> The practical upshot is a git commit hash is not enough l to know you are distributing/executing the legitimate code, as opposed to a malicious doppelganger
Really now? Mind if I challenge you?
I have on my machine a git repo with commit '75eb4e3b1369706a4dcd61cc80e49660ac341ea4'.
If you can give me a second git repo with such a commit containing different contents, I'll happily send you $10k USD, or donate it to a charity of your choice.
> If you can give me a second git repo with such a commit containing different contents, I'll happily send you $10k USD, or donate it to a charity of your choice.
Calculating that SHA1 collision is going to be a bit more expensive than $10k, by a couple of orders of magnitude.
Finding it in the wild is improbable, but calculating it is definitely possible, and has been done before. http://shattered.io/
Shattered didn't produce a collision for an arbitrary hash, it produced two documents with the same hash (which is a slightly easier problem, about 100,000x faster).
SHA1 is certainly insecure at this point, but not even close to trivially so.
That is enough to distribute malicious code though, at least in certain scenarios. Someone might create a setup where reviewers check/sign one version of the source code, and what gets distributed is another version with the same hash.
Code review in the Linux kernel still happens by email to a large degree.
Further up in contribution tree there is additional signing. Would that further complicate the insertion of a false commit? I am not convinced that signing is used all the way down to every contribution.
If your goal was to prove that SHA1 collisions are unimportant, far too hard for any group to exploit within the next X years of processing improvements...
That means math.
In contrast, this "challenge" stuff is just chasing outage endorphins and internet points.
Think it through, and it's pointless. Any refusal or negative result is utterly compromised and confounded by things like: How trustworthy you appear; whether the amount is reasonable; whether the random commenter has the skillset, free time, and financial assets to try; whether they're part of a larger group they can recruit; etc.

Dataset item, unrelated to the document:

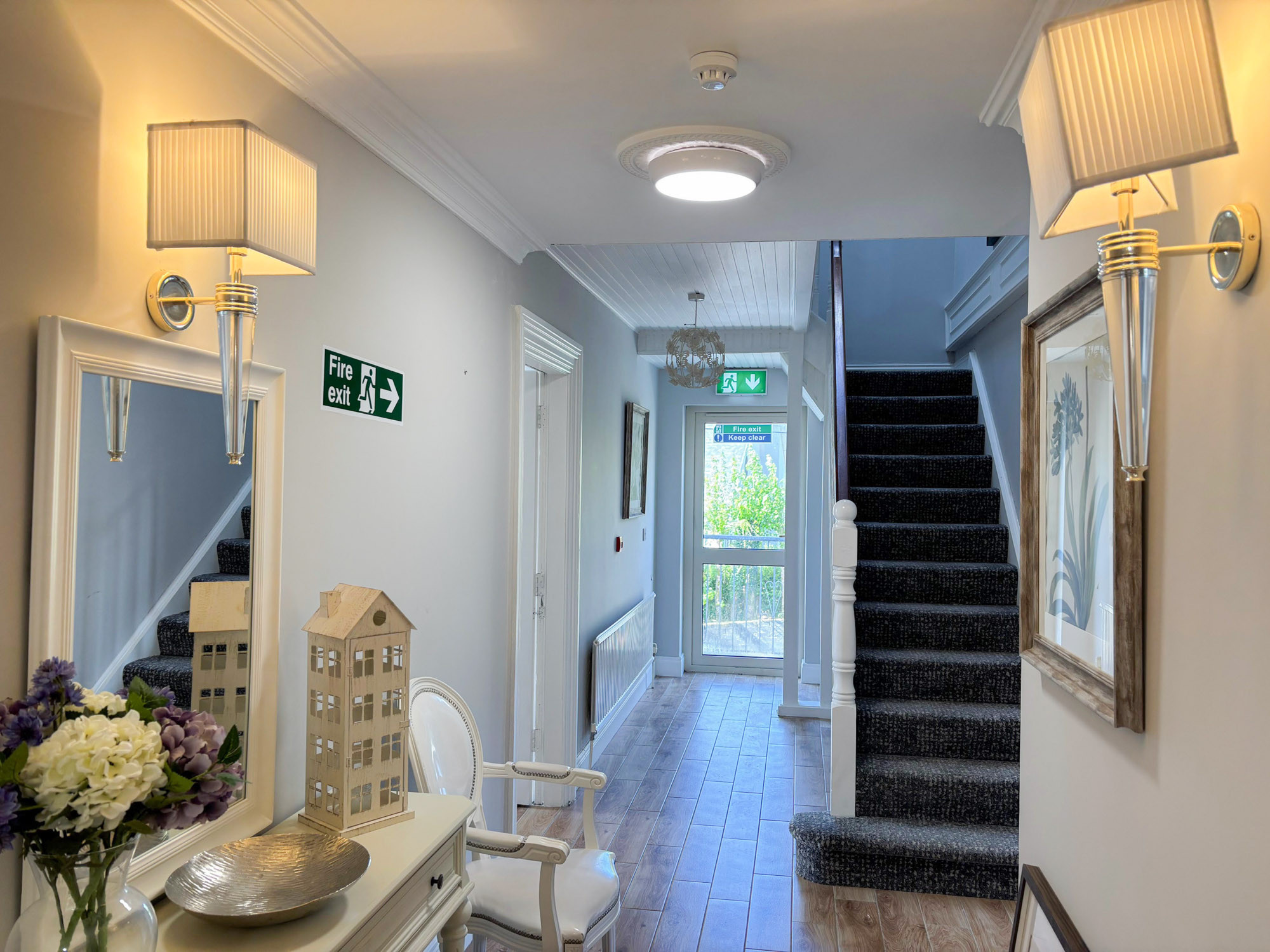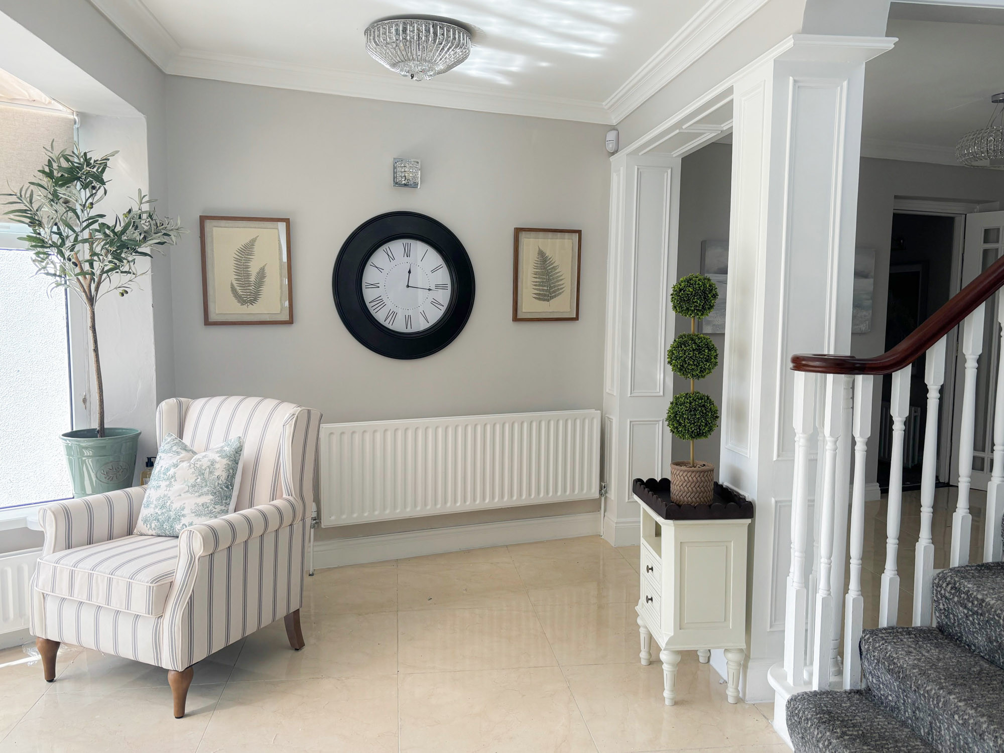 - Entrance reception area with seating and staircase to upper floors

My goal is to see the actual proof of concept that whatever the person I replied to is feasible. Not the daily BS from security wannabes that start with "In certain scenarios it is possible to X and Y" and then never show proof.
"In certain scenarios I could be a ninja": it means absolutely nothing without proving that I actually have the skills and I could actually use them.

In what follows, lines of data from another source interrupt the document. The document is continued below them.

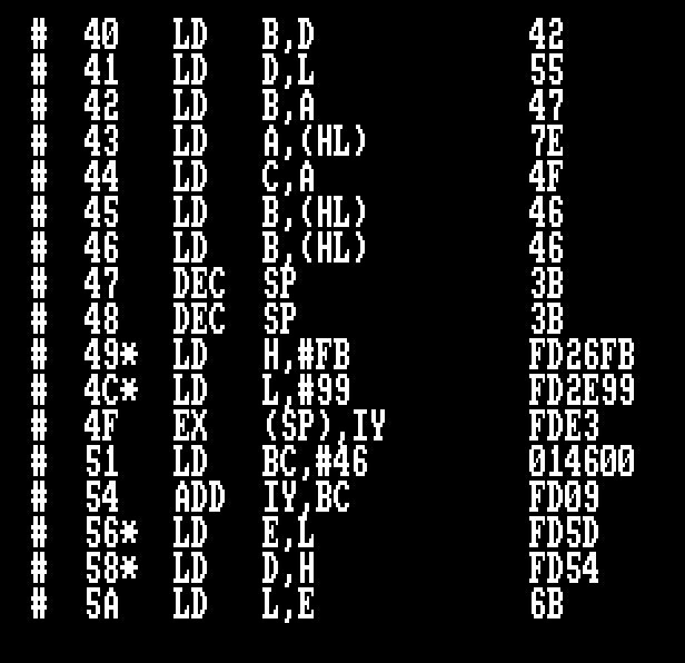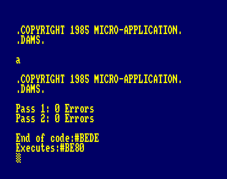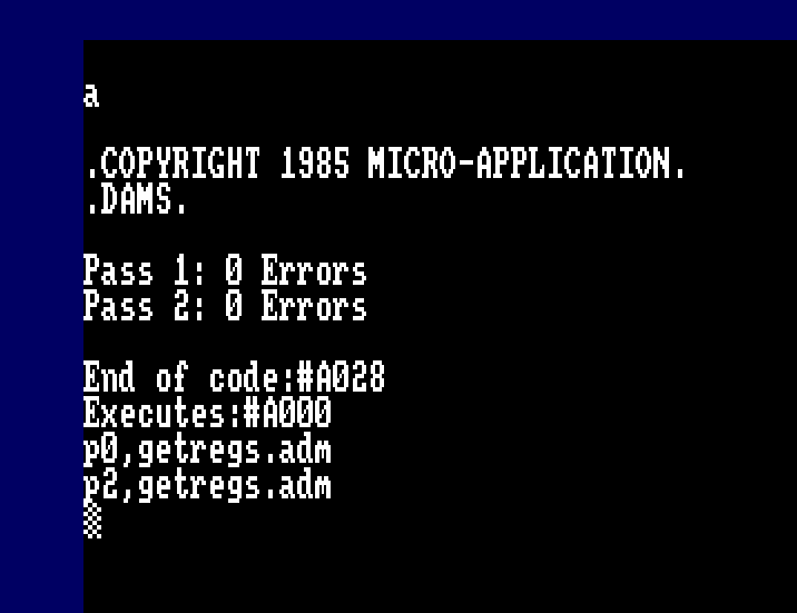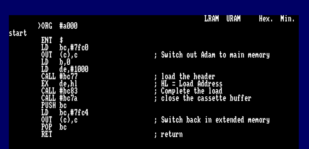 Compared to other Assemblers, ADAM doesn’t use “ for DEFM Statements (Saving bytes), but doesn’t allow leading spaces in messages. If you are following along with an emulator’s built in assembler or MAXAM ROM etc… you may want to add Quotes around DEFM messages. If you’re used to adding double quotes around DEFM it will fail in ADAM as it will assembler that as bytes too.
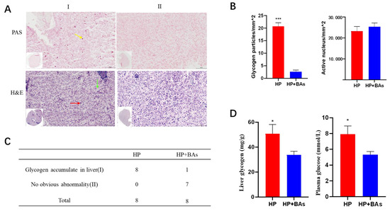 Supplement bile acids to high plant protein feed reduced carp hepatopancreas histological lesions (Statistically significant results were indicated by asterisks (*, p < 0.05; ***, p < 0.001)): (A) PAS and H&E staining of liver sections with bar = 100 μm, intracellular accumulation of glycogen (marked with yellow arrow), deformed cells (marked with green arrow) and Nuclear gathered (marked with yellow arrow) were clearly observed in the damaged hepatopancreas. (B) Quantification of glycogenosome and active nucleus, the number of hepatopancreas glycogenosome in the HP+BAs group carp was significantly lower than that in the HP group. (C) The phenotype of hepatopancreas histopathological examination in HP group and HP+BAs group. (D) Supplement BAs to high plant protein feed reduced hepatopancreas glycogen and plasma glucose (Statistically significant results are indicated by asterisks (*, p < 0.05; ***, p < 0.001), n = 7).
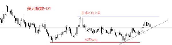 技术走势看,美元指数在9月17日完成双底结构,随后开启涨势。本轮上涨的技术条件成熟,可能取得超预期的成果。图中黑色虚线是当前上涨波段的底线,一旦该趋势线被跌破,则有可能宣告反弹走势的终结。震荡区间上限(100.23)有可能是本轮上涨走势的强阻力区,警惕触及该价位后的回调风险。
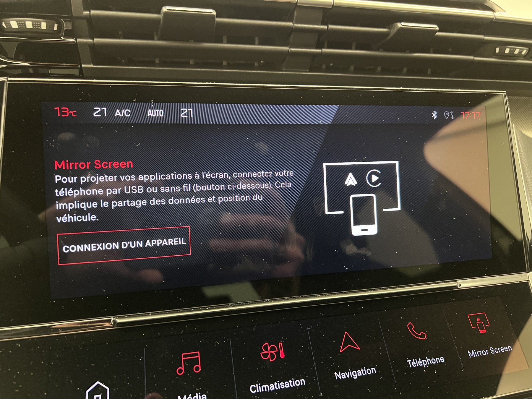 • Fonction Mirror Screen (Apple CarPlay/Android Auto) sans fil

It is not pointless, but if you claim something show the proof.
The math is the proof of concept when an attack costs that much money to pull off. Or the various papers that show successful attacks on reduced-round versions of the hash.
Do you not accept those? What would you accept as a proof of concept?
_That is enough to distribute malicious code though, at least in certain scenarios. Someone might create a setup where reviewers check/sign one version of the source code, and what gets distributed is another version with the same hash._
Well the proof of concept without actually having two colliding files is really simple, so I thought it was generally understood.
Here's the easiest to explain way: Upload the malicious version of the file to github. Send an innocuous patch to the kernel devs that creates a file with the same hash. It gets accepted, and anyone that downloads the kernel from github gets the malicious version. Done. That's a small fraction of linux downloaders, but this is just the proof of concept.
A proof of concept became much easier with C11 unicode identifiers, and email patch review. You can trivially hide Cyrillic chars eg. between whitespace changes or other trivial "optimizations". Even without collisions.
And with the current surge of GPU's even collisions are realistic now. The H100's are not doing much when not in training.
>which is a slightly easier problem, about 100,000x faster
Where did you get this number from? I was under impression that this is completely infeasible (just like we can generate a collision good md5 in seconds, but we still can't do a preimage attack).
Really now? Mind if I challenge you?
I have on my machine a git repo with commit '75eb4e3b1369706a4dcd61cc80e49660ac341ea4'.
If you can give me a second git repo with such a commit containing different contents, I'll happily send you $10k USD, or donate it to a charity of your choice.